Are you providing seperate paths for COCO_PATH and COCO_PATH_VAL in config file or are you giving empty string for the COCO_PATH_VAL variable and let the training script handle the train-val split?

BernhardGlueck commented 4 years ago

The same, i let the training script handle the split

fcakyon commented 4 years ago

I have just tried a training with a minimal dataset of 8 images with different config combinations on Linux and Python 3.6 with a conda environment and did not receive any errors on the evaluation step. Are you sure that all image, annotation and category ids are properly arranged in your coco dataset file?

Because the error message you are sending is related with an inconsistency between evalImgs and imgIds properties of the COCOeval object, you can see the related line here.

fcakyon commented 4 years ago

The same, i let the training script handle the split

By the way you should keep COCO_PATH_VAL as an empty string ("") if you want the script to handle the split. If you put the same path for both COCO_PATH and COCO_PATH_VAL, full dataset would be used during the training and evaluation, which would be wrong.
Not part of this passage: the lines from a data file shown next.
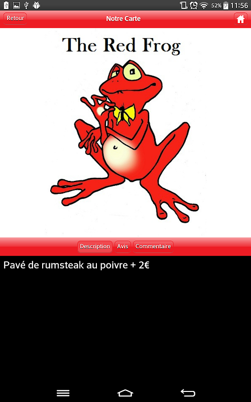 L'application "The Red Frog" vous offre la possibilité de consulter toutes les infos utiles du pub (Tarifs, carte, avis…) mais aussi de recevoir leurs dernières News ou Flyers sous forme de notifications Push.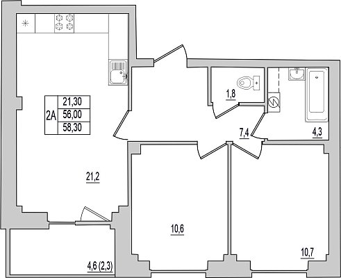 2-комнатная квартира, этаж 1, площадь 58,3 м²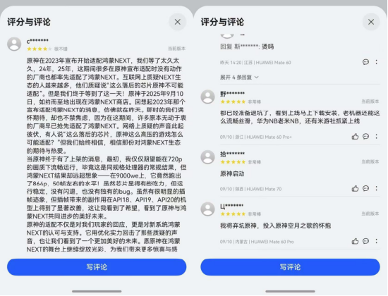 数据显示,鸿蒙版《原神》上线首日,下载量即超10万,超3000用户给出了4.9的高分:“终于来了”“比想象中更流畅”,不少玩家如此评价道。这意味着鸿蒙系统经受了3A重载游戏的考验,系统能力得到玩家肯定。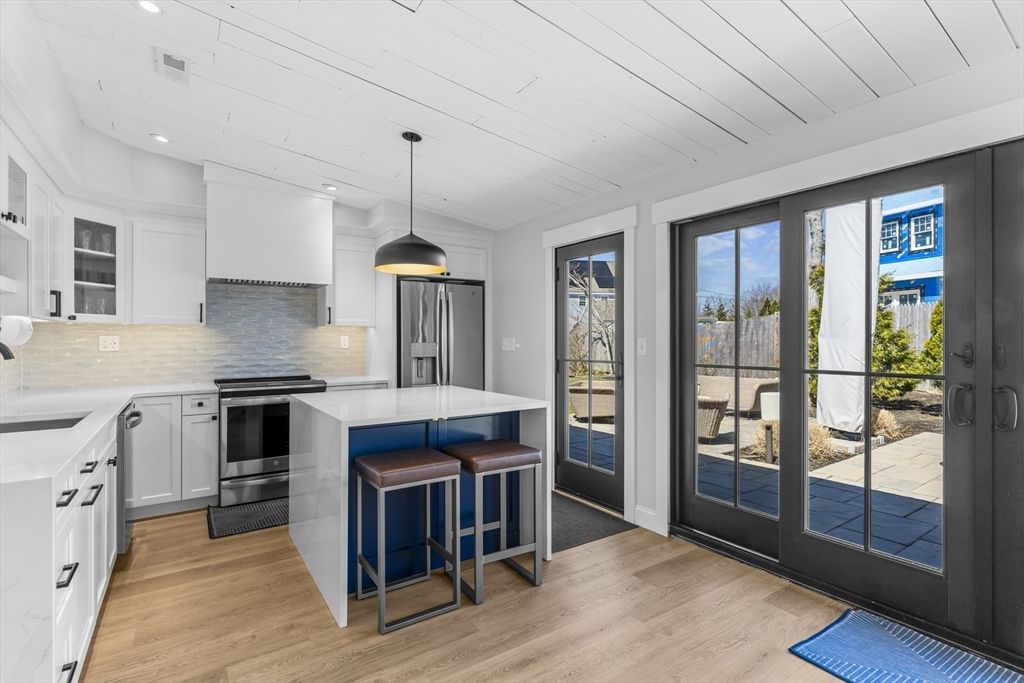 This stunning 3-bedroom, 2 1/2 bath ranch offers a perfect blend of modern design & coastal living. Thoughtfully designed w/ contemporary & unique aesthetic. This home features a bright sunlit living room centered around a showstopping honed marble fireplace. LVP flooring runs throughout complementing an open-concept stylish kitchen with stainless appliances, beautiful waterfall quartz & a generously sized kitchen island. Ideal for both everyday living & entertaining. Step outside to a spacious stone patio, creating a seamless indoor-outdoor lifestyle. A beautifully finished lower level provides additional living space, perfect for a media...read more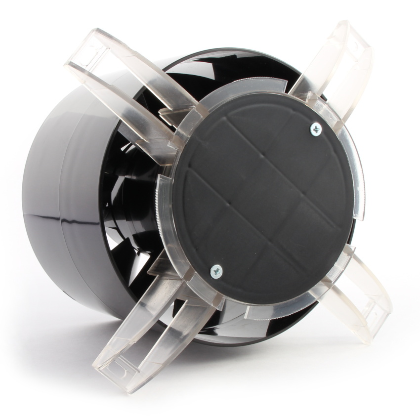 Moderní axiální ventilátor, vhodný pro všestranné použití do koupelen, WC, kuchyní, malých a středních místností. Všechny části jsou vyrobeny z hmoty ABS pro snadné čištění. Výrobek je podsvětlený LED diodou v modré barvě a slouží jako nosič ozdobného skleněného rámečku nebo jej lze použít samostatně.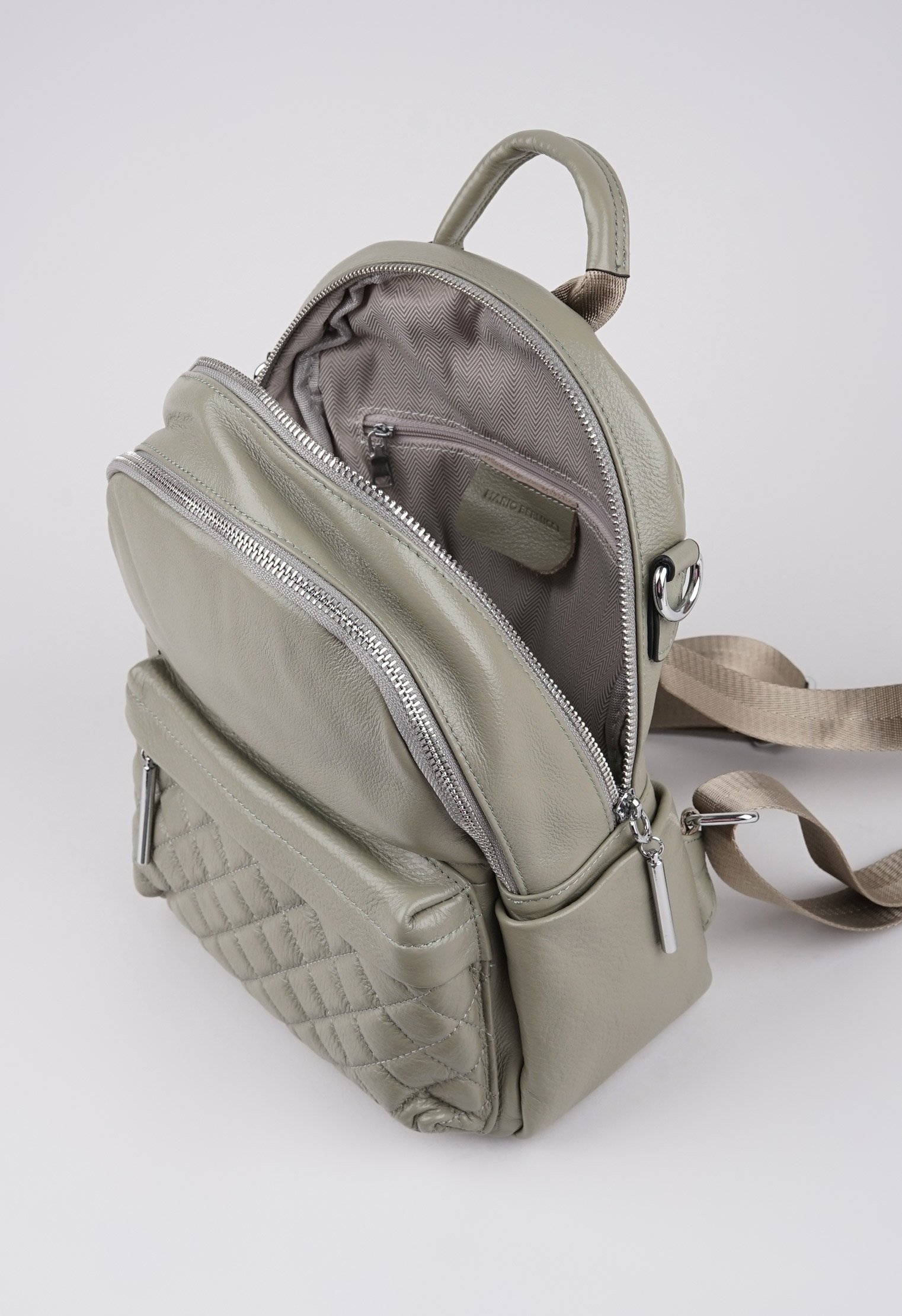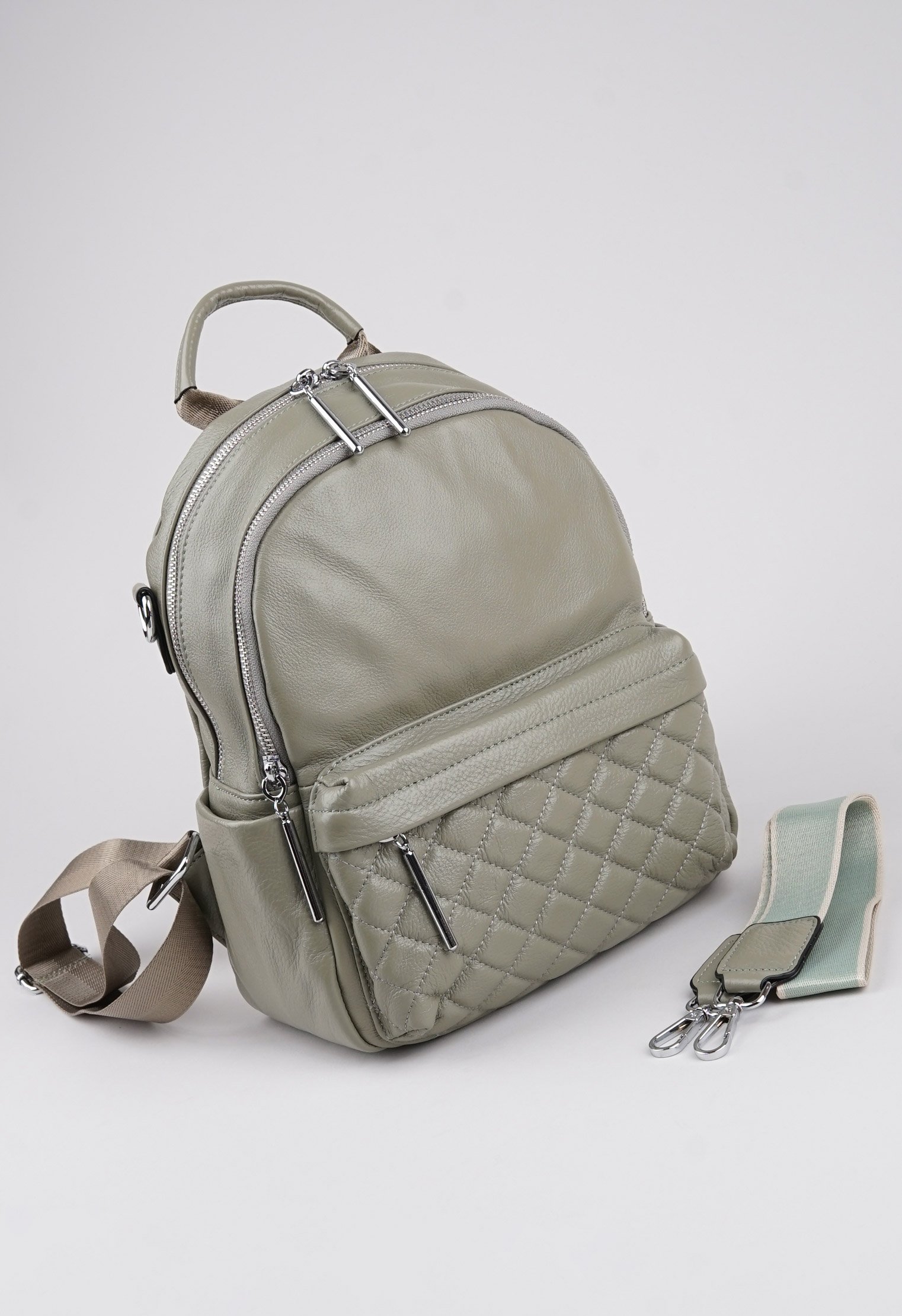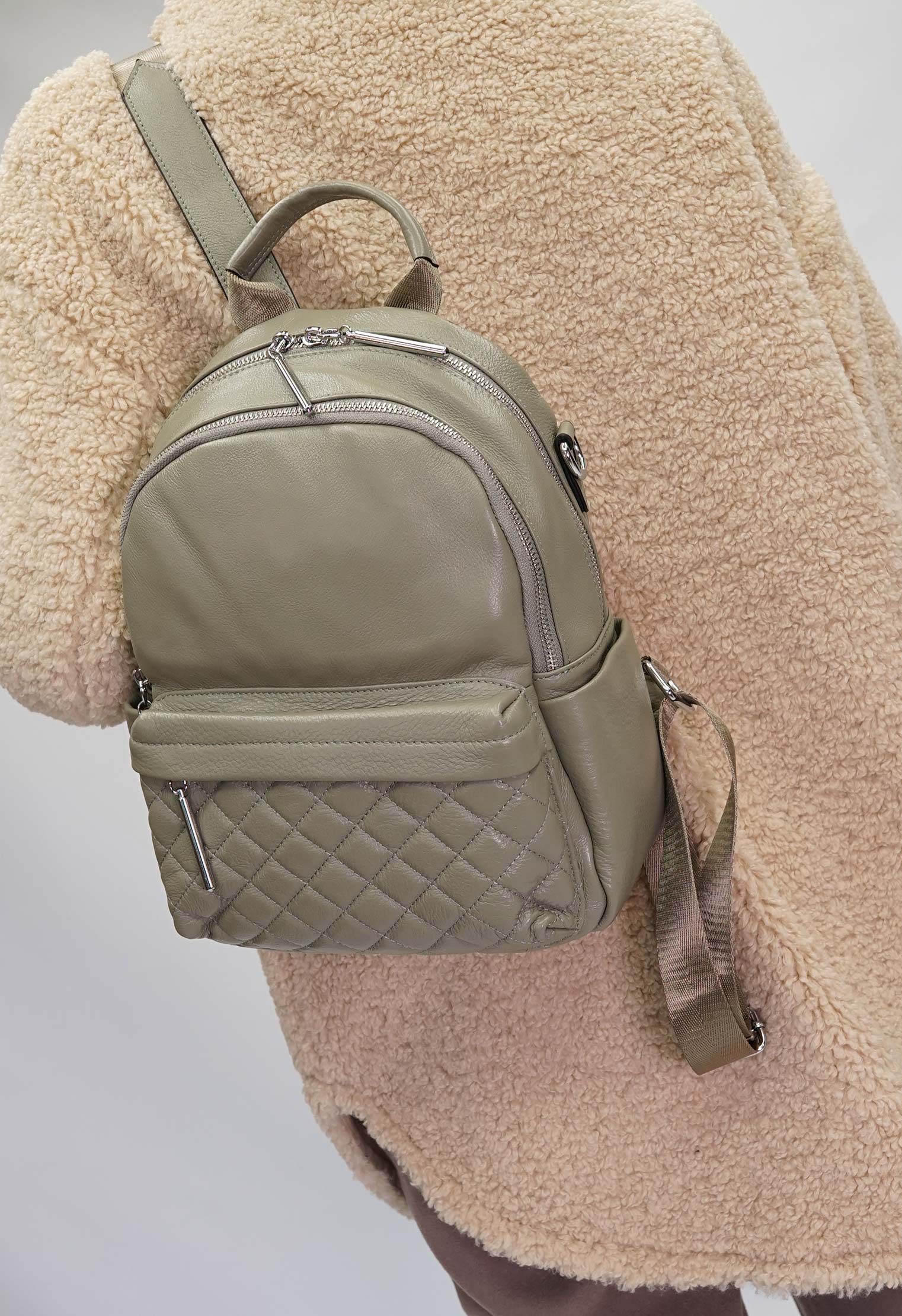 Выбирала по цвету, нравятся пастельные тона так что этот оттенок больше всех подошел, он сочетается со светлыми и черными вещами, в коже вообще отменно выглядит! По факту цвет светло-оливковый, весь декор серебряный, сочетается на пять баллов. Внутри два кармана, снаружи четыре, места хватает и для мелочи и для рабочих вещей. Я довольна, спасибо производителю!!!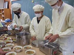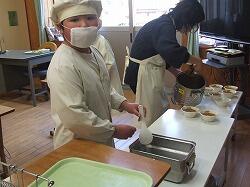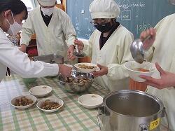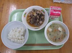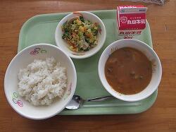 明日の給食のメニューは、鶏肉と大豆の味噌がらめ、かき玉汁です。

BernhardGlueck commented 4 years ago

Thats my config.yml:

Random seed to reproduce the results

SEED: 999

Directory to data

DATA_ROOT: "datasets/field"

Path to annotation file (should be in coco object detection format)

COCO_PATH: "datasets/field/index2.json"

Directory to validation data root (optional)

DATA_ROOT_VAL: ""

Path to coco annotation file for validation data (optional)

COCO_PATH_VAL: ""

Training model checkpoints and losses will be saved in the folder experiments/EXPERIMENT_NAME/

EXPERIMENT_NAME: "exp1"

Path to the model to be used during predict

MODEL_PATH: "experiments/exp1/maskrcnn-best.pt"

Optimizer name ("sgd", "adam", "adabound", "lamb" or "radam")

OPTIMIZER_NAME: "sgd"

For more info on the optimizer params:

https://pytorch.org/docs/stable/optim.html

https://pytorch-optimizer.readthedocs.io/en/latest/?badge=latest

OPTIMIZER_WEIGHT_DECAY: 0.0005 OPTIMIZER_MOMENTUM: 0.9 OPTIMIZER_BETAS: [0.9, 0.999] OPTIMIZER_EPS: 0.00000001 OPTIMIZER_AMSGRAD: False OPTIMIZER_ADABOUND_GAMMA: 0.001 OPTIMIZER_ADABOUND_FINAL_LR: 0.1

Optimizer learning rate

LEARNING_RATE: 0.0001

Optimizer learning rate schedule parameters

LEARNING_RATE_STEP_SIZE: 3 LEARNING_RATE_GAMMA: 0.1

Number of trainable (not frozen) resnet layers starting from final block (btw 0-5)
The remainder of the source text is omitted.